MangroveAI is a deep learning-based approach for mangrove monitoring and conservation using satellite imagery. This repository contains the code and data for the paper "A Deep Learning-Based Approach for Mangrove Monitoring", accepted for presentation at the European Conference on Machine Learning (ECML), specifically at the Machine Learning for Earth Observation Workshop. This work aims to enhance mangrove segmentation accuracy by leveraging advanced deep learning models, including convolutional, transformer, and Mamba architectures.
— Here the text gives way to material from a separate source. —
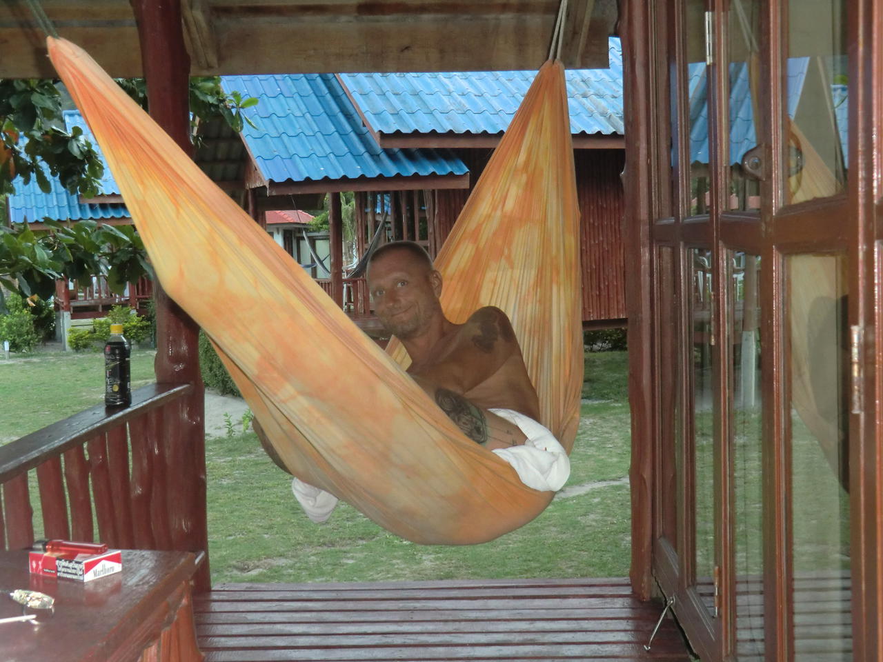 Nach nem Stündchen abplanschen im Wasser hauen wir uns wieder in die Hängematte und beobachten die Jetskip-Verleiher bei ihren Verladeaktionen und lachen uns kaputt.

Here we release the training codes for the models for peer review. For the dataset, we are providing only a few samples due to storage constraints related to its size. The remaining samples will be made available to the public (open-source) after peer review on platforms appropriate for supporting the dataset size.
Mangroves are vital coastal ecosystems that play a crucial role in environmental health, economic stability, and climate resilience. This work focuses on developing and evaluating state-of-the-art deep learning models for accurate mangrove segmentation from multispectral satellite imagery. The key contributions of this work include:
- Introducing a novel open-source dataset, MagSet-2, incorporating mangrove annotations from the Global Mangrove Watch and satellite images from Sentinel-2.
- Benchmarking six deep learning architectures: U-Net, PAN, MANet, BEiT, SegFormer, and Swin-UMamba.
- Demonstrating the superior performance of the Swin-UMamba model in mangrove segmentation tasks.
MagSet-2 is an open-source dataset we developed specifically for this work. It integrates mangrove annotations from the Global Mangrove Watch with multispectral satellite images from Sentinel-2 for the year 2020, resulting in more than 10,000 paired images and mangrove locations. The dataset encompasses images from various geographic zones, ensuring a diverse representation of mangrove ecosystems worldwide. This extensive dataset aims to facilitate researchers in training their models to utilize Sentinel-2 imagery for monitoring mangrove areas of environmental protection for years beyond 2020.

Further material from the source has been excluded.